L’association A.R.B.R.E a entrepris il y a dix ans de réhabiliter une zone violemment dégradée, devenue une décharge à ciel ouvert, en la transformant en un parc consacré aux espèces méditerranéennes. Après 10 années d’activités, les plantations sont terminées. Nous continuons à l’entretenir et à l’embellir.

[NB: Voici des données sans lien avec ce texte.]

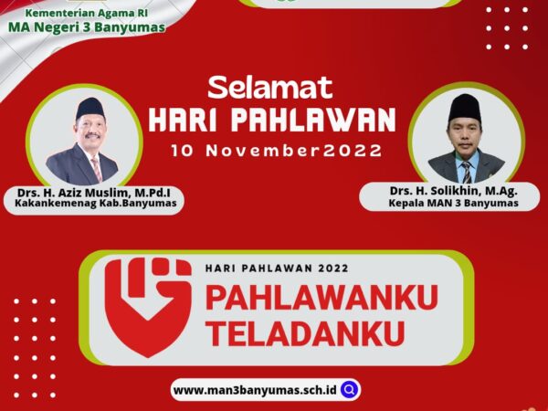 Banyumas—MAN 3 Banyumas mengadakan upacara Hari Pahlawan yang dilaksanakan pada Kamis, (10/11) di halaman MAN 3 Banyumas. Hari Pahlawan diperingati setiap tahunnya pada 10..
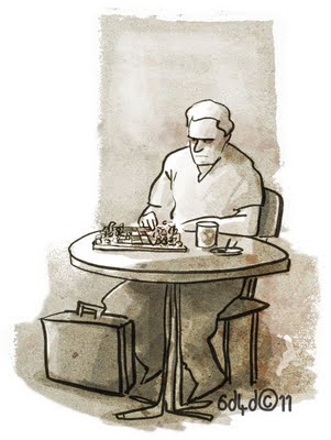 Hace poco vi a un hombre, jugando al ajedrez, a la puerta de un bar del barrio que está justo al lado del mercado, con una maleta bajo la mesa? Debía ser ruso o algo así, supuse consciente de nuestra propia identidad nacional, tan difusa como es.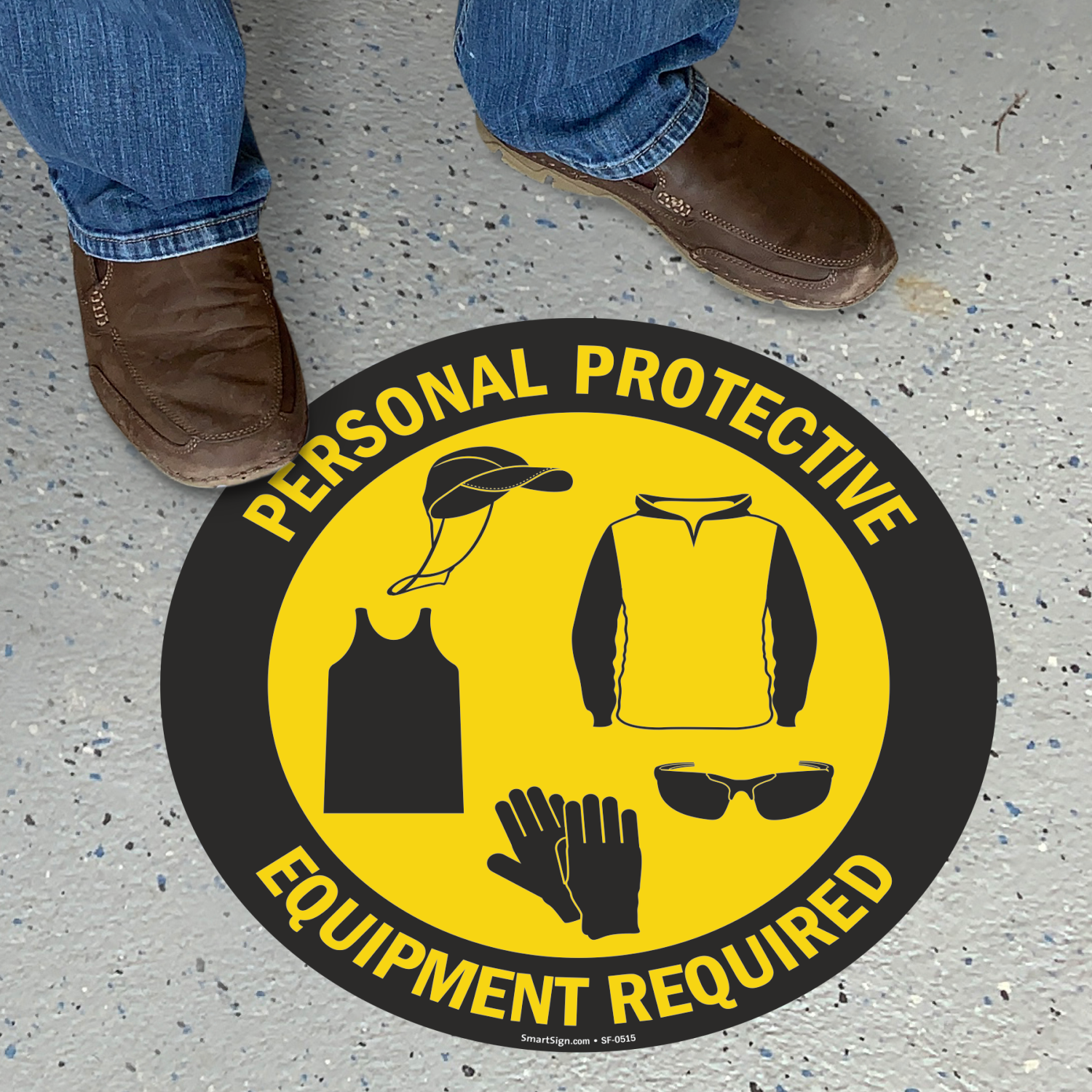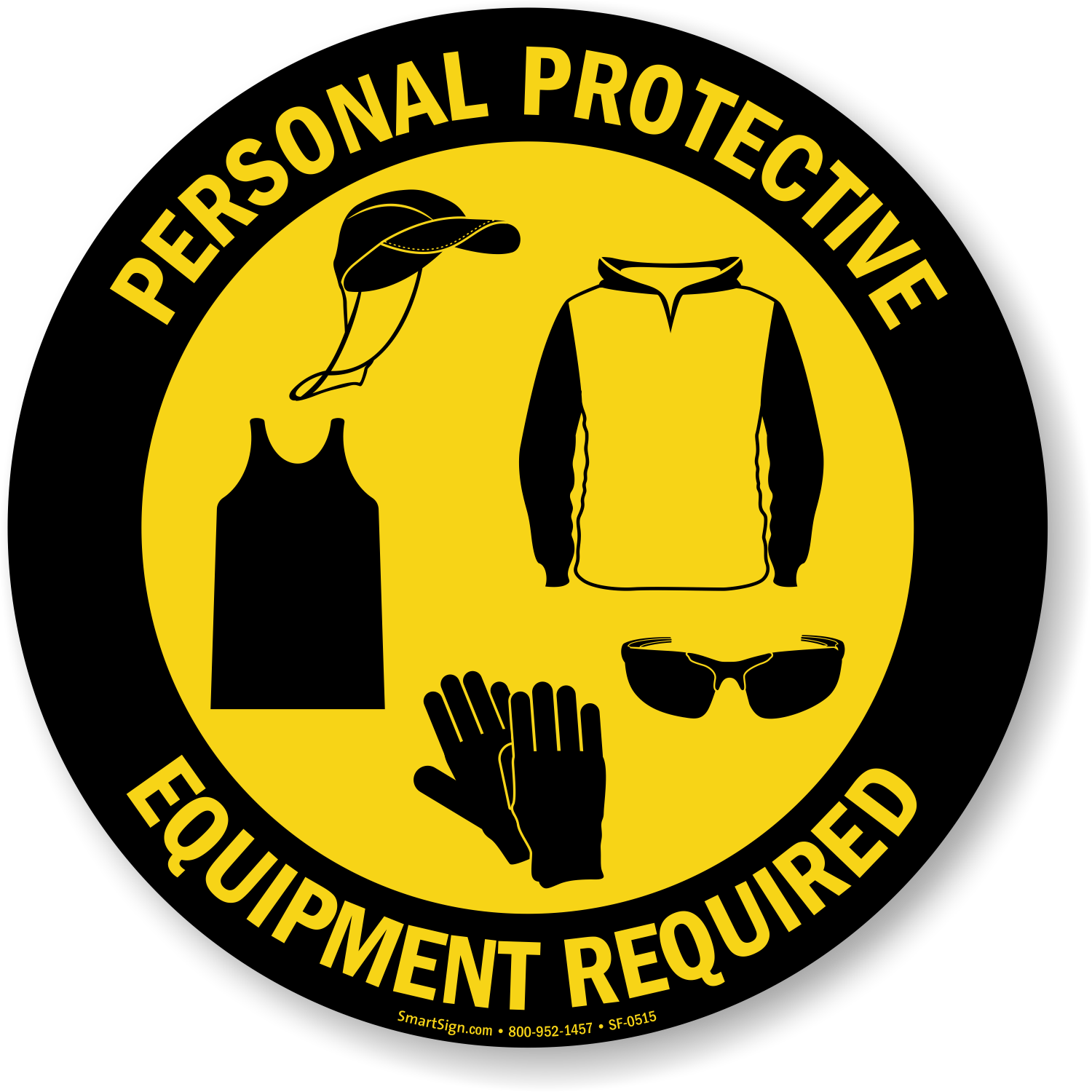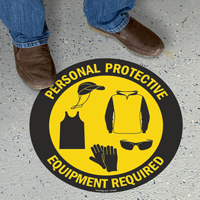 SlipSafeâ„¢ Circular Floor Sign with graphics of all required PPE is the best way to communicate your message across.

Nous sommes maintenant dans un nouveau projet consistant à créer à côté du parc des carrières un jardin potager et d’agrément « en sec », sur un mode participatif, dans le but d’échanger des savoirs. On essaiera aussi d’acclimater des plantes venues d’ailleurs.
Nous avons fait appel à deux étudiantes de l’Ecole nationale supérieure du paysage de Versailles-Marseille pour élaborer le schéma du futur jardin, qui s’inscrira dans le relief artificiel laissé par l’exploitation de la pierre. Le but est aussi d’économiser au maximum l’eau en choisissant des espèces peu gourmandes.

Un panneau d’information du public va être installé prochainement, il a été présenté aux participants de l’opération annuelle « Nettoyons la nature » le dimanche 8 octobre dernier à Beaulieu. 

Pour mener à bien ce projet nous disposons d’un financement pour les deux premières années fourni par la Fondation du roi Baudouin avec l’aide des Fonds Renner Energies. Nous recherchons d’autres mécènes pour assurer la pérennité du projet.

Ce projet s’inscrit dans une zone de turbulence climatique dont nous ignorons à ce jour la durée ni l’intensité.

Le groupe devant le futur jardin sec/potager de démonstration.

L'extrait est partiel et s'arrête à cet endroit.